Why the need for careful matchmaking?

I never thought I would be the one to say this but I totally understand the reason for padding fighter’s records. For those who aren’t familiar with the pro game, it’s common for promoters and matchmakers to “protect” their investments by giving their star fighter easy fights to help him build up an undefeated record with many sizzling highlight-reel knockouts. This helps the fighter to build up a fanbase and sell tickets, because the average fan lacks true boxing knowledge and can’t appreciate a fighter’s boxing skills as they can his punching power. With all these easy fights, the protected fighter easily racks up a nice record and gets to pick and choose his opponent because he sells more tickets. Eventually, he finally challenges for the title and the fight makes more money for everyone involved because there’s more appeal in a title fight when one guy is undefeated and supposedly has a lot of knockout power.
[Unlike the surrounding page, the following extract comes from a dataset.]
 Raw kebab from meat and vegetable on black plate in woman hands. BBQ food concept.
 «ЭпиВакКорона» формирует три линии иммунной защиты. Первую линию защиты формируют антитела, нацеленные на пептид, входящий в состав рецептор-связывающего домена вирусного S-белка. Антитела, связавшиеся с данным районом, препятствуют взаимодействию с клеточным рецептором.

It’s hard to make money in boxing when you have a bunch of guys taking turns beating each other and they all come out with records like 15wins-9losses. That might work for the UFC/MMA, but in boxing it’s different. In boxing, a respectable record looks more like 30wins-2 losses. And so that’s exactly how the businessmen operate in boxing…they build fighters to get exactly that record. And then when you finally have a few strong prospects with pristine records, that’s when you finally put them together and sell it on Pay-Per-View.

*NOTE: I have nothing against the UFC style of matchmaking. I think it’s beautiful that they can afford to have marquee names with many losses on their records and still sell fights. I wish boxing was like that. It used to be in the old days when having losses didn’t hurt the fighter’s marketability but time has really changed and the game has changed a lot as well.
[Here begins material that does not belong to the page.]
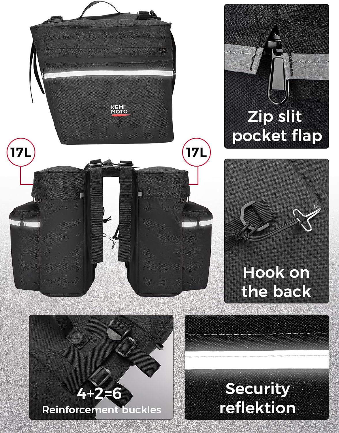 Large 34L Capacity: This Kemimoto bike bag has been upgraded to a large capacity of 17L per bag, and the total capacity of 2 bags is UP to 34L. Includes 2 main compartments for each bag. Plus the 2 pockets on the outside, ideal storage for daily essentials, biking gear, cycling accessories. Ideal for grocery, commuting, and outdoor trips
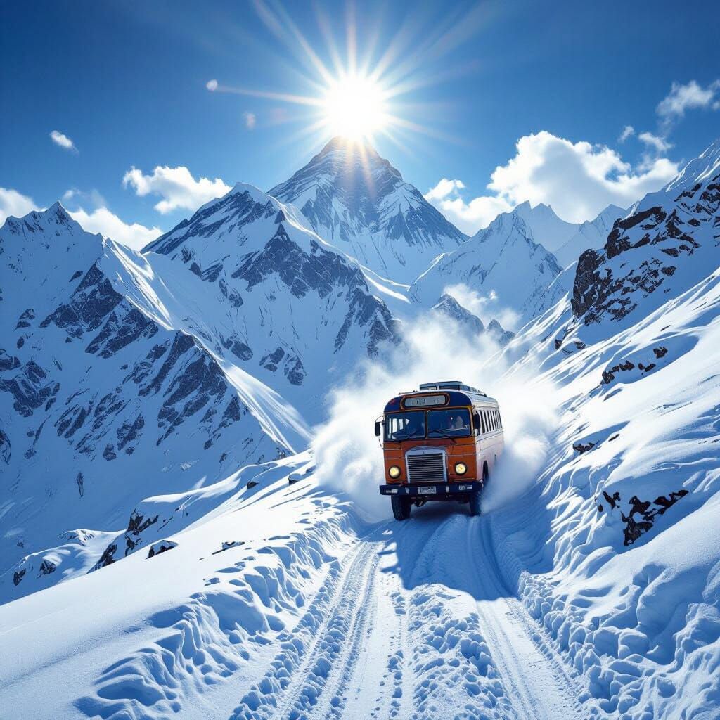 Generate unique images of buses on mountain roads, snowy scenes, or Everest expeditions. Free and easy AI image creation.

You have to figure that the managers are typically always carefully matchmaking. You’re either the star prospect (because of your ethnic background, Olympic name recognition, amateur success, fan-friendly style) and you get protected, or you’re not the star prospect (too old, little power, low skill) and you get fed to the wolves. Or maybe you’re none of the above, and they’re just using you to fill in the undercards. No promoter is going to throw his star fighter into a dangerous fight and hurt his chances to make bigger money later down the line.


But don’t the fans want good fights?!

Yeah…I used to think that, too——that the fans love seeing even fights. But I don’t buy that crap anymore. When you go to a big professional boxing event, one that goes on PPV, sure…the undercards can sometimes be very exciting. Often times they feature future stars, sometimes it’s 2 undefeated contenders battling it out, or a prospect brought in to showcase his talent (albeit against lesser competition), or even 2 random guys who are spurred on by the large crowd to deliver excitement.

But it’s not like that at the smaller professional boxing events. Most of the time, you’ve never heard of ANY of the guys. Typically, you’ve MAYBE heard of the A-side guy in the main event because he’s supposedly really good and will soon challenge for the title against someone you HAVE heard of before. And then you might have also heard of a few other guys on the event because they have a reputation in the local gyms. And of course, the only reason why you’re at one of these smaller pro boxing events is because you’re there to support your friend, like I was.

From what I saw…the crowd breakdown in the smaller pro boxing event was something like this: 25% of the people were there to support the A-side guy in the main event. There’s a good chance the promoter for the A-side main event guy also has several other fighters showcased in the event as well, each one with his own personal friends/family as well as the mutual gym support. So you figure there’s maybe 40% of the crowd there to watch maybe the same 3 or 4 guys (that all come from the same gym/manager/promoter). And then the rest of the audience are personal supporters distributed out to all the B-side opponents. When you go to a bigger pro boxing event, the crowd numbers are further skewed in favor of the main event guys, and especially A-side guy in the main event.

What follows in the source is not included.